I tell her how the Queen of Swords was born an ordinary girl, I tell of her marriage and pregnancy, of how the palace guards tried to destroy the girl baby in her womb. How the unborn daughter gave her mother the courage to leave, gave her the flaming swords made of light so that none dared prevent her from going.
I tell her of the queen’s desperation, after her baby was born, when no one dared to give them refuge. How she wandered in many lands with her daughter, until finally she found herself at the ocean’s edge, with no place else to go.
“Then,” I continue, “she heard a voice saying, ‘Mother, don’t weep.’ She looked and it was her daughter, speaking her first words. The child knelt and touched the swords, and when she did so, they became as one and turned into a silver bird. Its eyes were made of rubies, and its wings shimmered like dual rainbows. The queen and her daughter climbed onto its back, and the bird began to carry them to a new life in a new land.
We’ll be happy ever after
, the queen wanted to whisper to her daughter as they flew, but she knew that was not true. Life never is that way. And so instead she held her daughter in silence, heart to heart, and as they traveled each heart drew on the other’s strength, so that when they reached their destination they would be ready.”
Dayita is asleep when I finish, her limbs loose and trustful.
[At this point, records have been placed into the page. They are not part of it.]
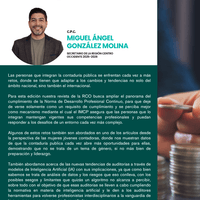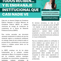 Para esta edición nuestra revista de la RCO busca ampliar el panorama del cumplimiento de la Norma de Desarrollo Profesional Continuo, para que deje de verse solamente como un requisito de cumplimiento y se perciba mejor como mecanismo mediante el cual el IMCP asegura que las personas que lo integran mantengan vigentes sus competencias profesionales y puedan responder a los desafíos de un entorno cada vez más complejo.C.P.C. Miguel Ángel González Molina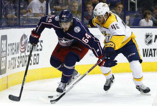 Columbus Blue Jackets' Tyler Motte, left, and Nashville Predators' Pontus Aberg, of Sweden, chase the puck during the second period of an NHL preseason hockey game Sunday, Sept. 24, 2017, in Columbus, Ohio. (AP Photo/Jay LaPrete) The Associated Press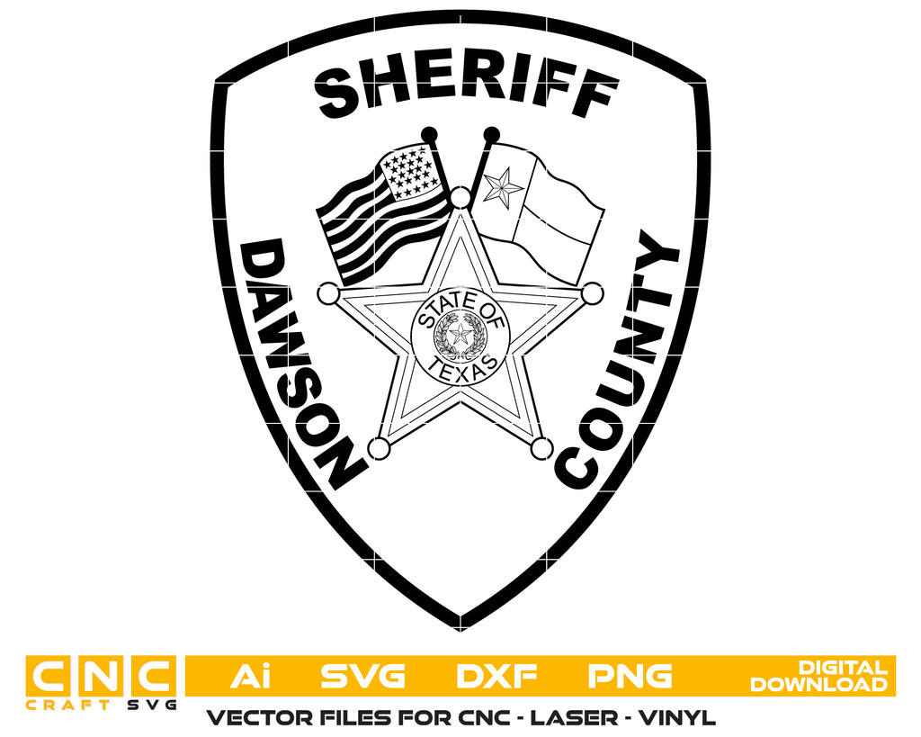 The Dawson County Sheriff Badge SVG is a precision-designed Georgia law enforcement emblem symbolizing authority, service, and community protection. Created in scalable vector format, it’s ideal for CNC cutting, laser engraving, vinyl decals, uniform badges, department signage, and commemorative plaques. Perfect for collectors, engravers, and custom sheriff memorabilia, this badge ensures crisp detailing on metal, wood, fabric, and acrylic surfaces while honoring the Dawson County Sheriff’s Office.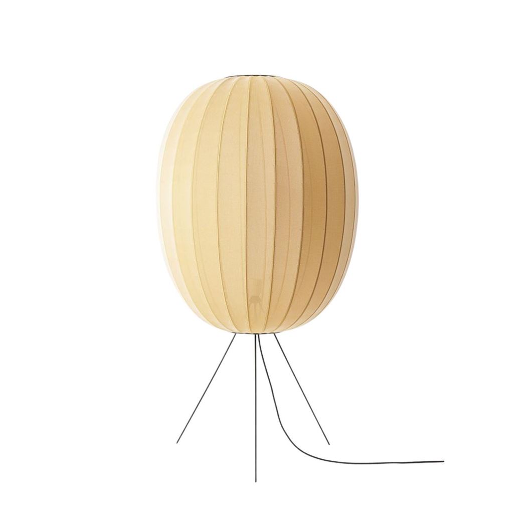 Knit-Wit High Oval gulvlampen fra Made By Hand er en dekorativ og karakteristisk gulvlampe, der er inspireret af den klassiske rispapirslampe. Men i stedet for rispapir, har man brugt det gamle håndværk, strik, til fremstilling af lampen. Lyskilden er skjult og vil skinne ud gennem lampeskærmens smukke mønster, hvor lyset bliver fordelt og giver et behageligt og stemningsfuldt lys i rummet. Lampens 3 tynde, sort ben giver en flot kontrast til den bløde skærm, hvilket givet et elegant og stilfuldt udtryk i indretningen.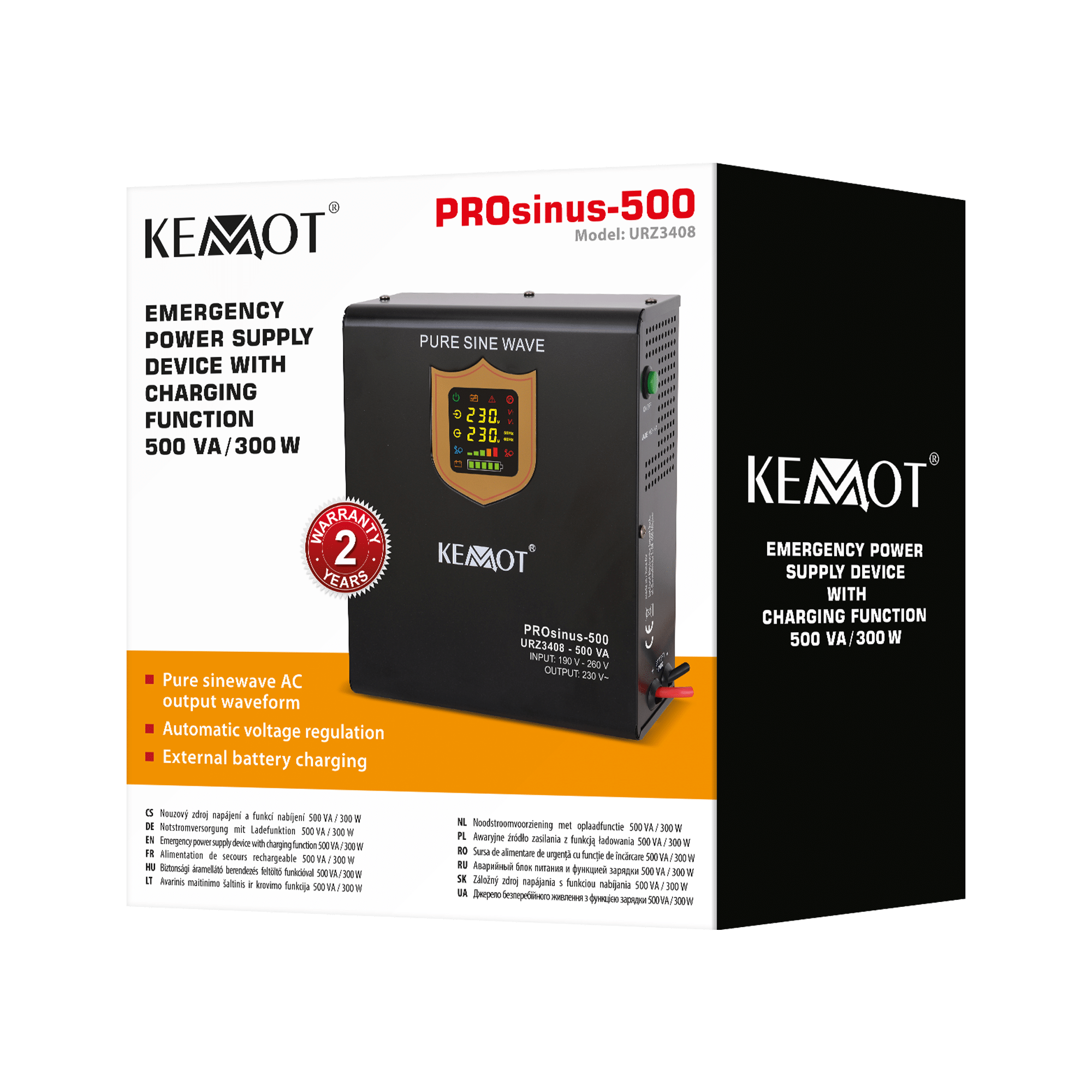 ZASILACZ AWARYJNY NAŚCIENNY KEMOT PROSINUS-500 PRZETWORNICA 12V 230V 500VA/300W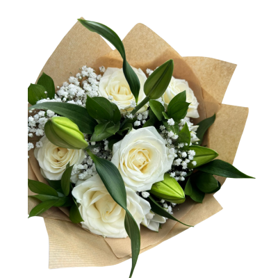 Timeless White Rose & Lily Handcrafted Bouquet (5 Roses, 2 Lilies)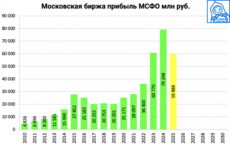 По его прогнозам, "Мосбиржа" может направить на дивиденды 60% чистой прибыли (по итогам 2024 года было 75%), что соответствует 15,6 рубля на акцию.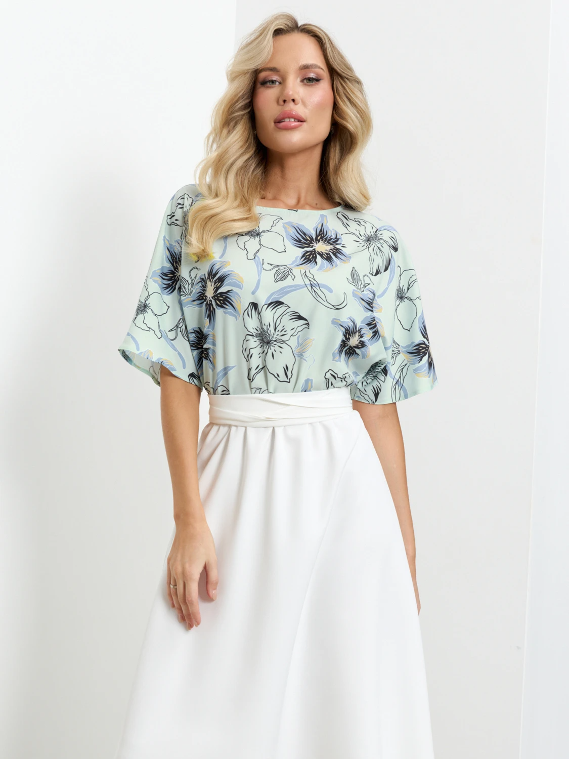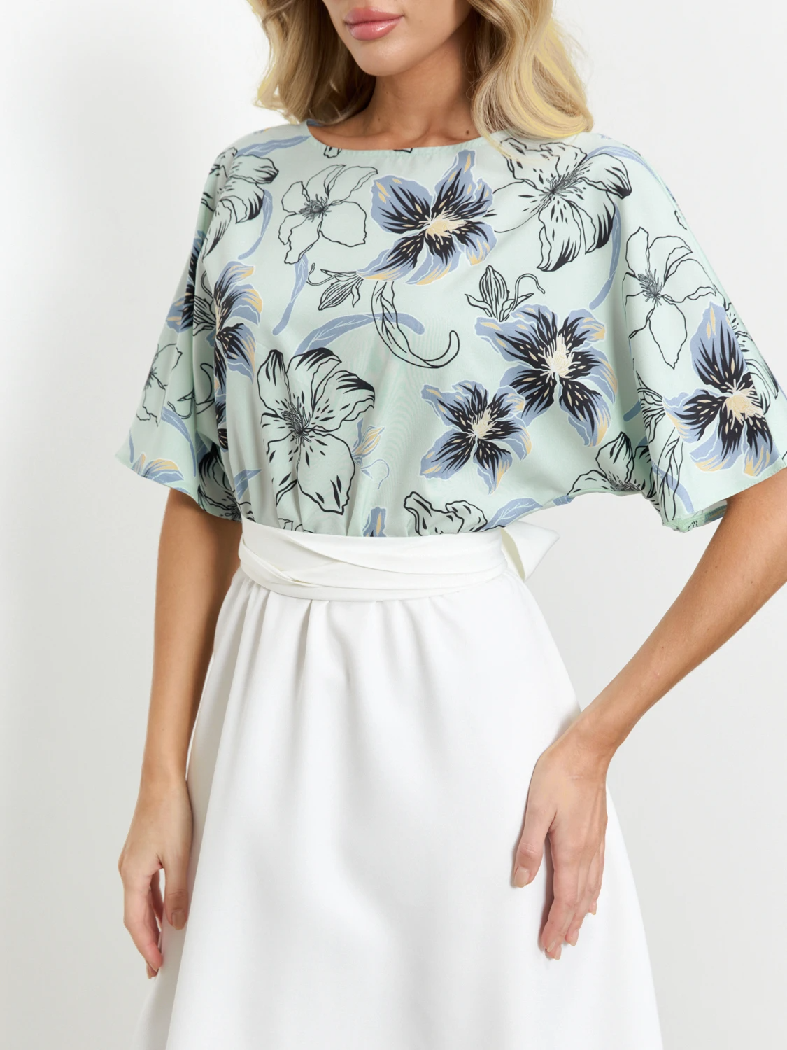 Верх выполнен из плательной ткани с принтом, низ и пояс из однотонной костюмной ткани.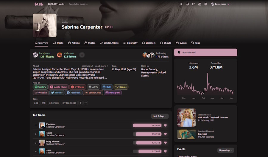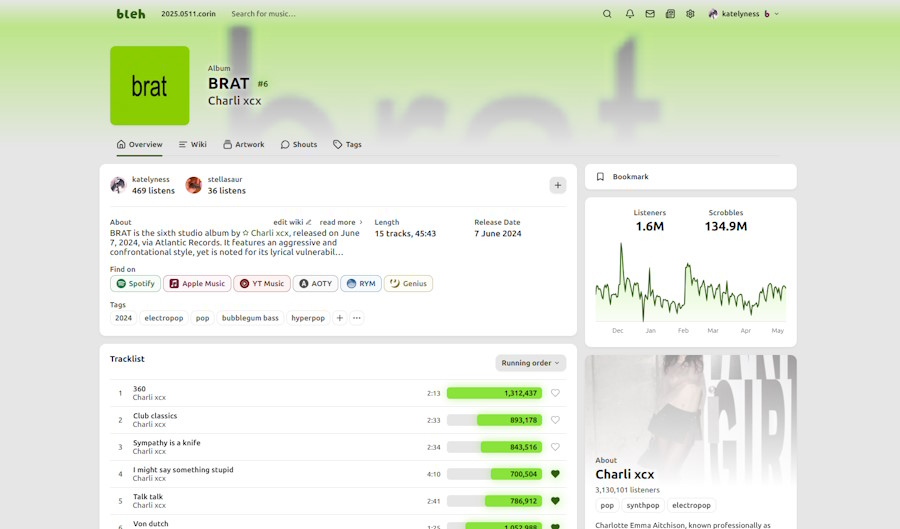 Set a profile shortcut to stay up-to-date with their artist, album, or track scrobbles at a glance.

How wondrous the way her head fits into the crook of my elbow. I have a cramp in my arm but I do not set her down. I hold her like this for a long time, listening to her breathe. The main lights of the plane have been turned off, and in the shadows the ruby on her chest rises and falls with a tiny glimmer, like a bird’s eye.
I’VE ALWAYS
thought of myself as an impatient person. It’s one of the things Pishi used to scold me about when I was a girl. But now I realize that all this time I never knew what true impatience meant. Even those ecstatic early days with Sunil were nothing compared to what I’ve been going through this week. I can’t sit still. I have no interest in food. But for the first time in my life I’ve been cooking feverishly until the refrigerator is crammed with all the dishes I remember Sudha liking. Which is crazy because she can cook them ten times better than I can. I’ve also selected a few American dishes—spaghetti sauce, apple pie, potato salad—my repertoire is admittedly meager. It’ll be a good way to start explaining to Sudha about life in this country.
When I mentioned this to Sunil, he was clearly annoyed. “For heaven’s sake,” he said. “You’re not her teacher—or her keeper. She’ll learn on her own.”
I shouldn’t have brought it up—he’s been increasingly edgy and irritable whenever I speak of Sudha. And since I discovered the handkerchief I’m awkward too, so whatever I say comes out sounding stilted or overly enthusiastic. Still, once in a while, I
have
to talk about her when the longing to have her here shudders through me like the hot flashes that used to hit me in the first nights since Prem died.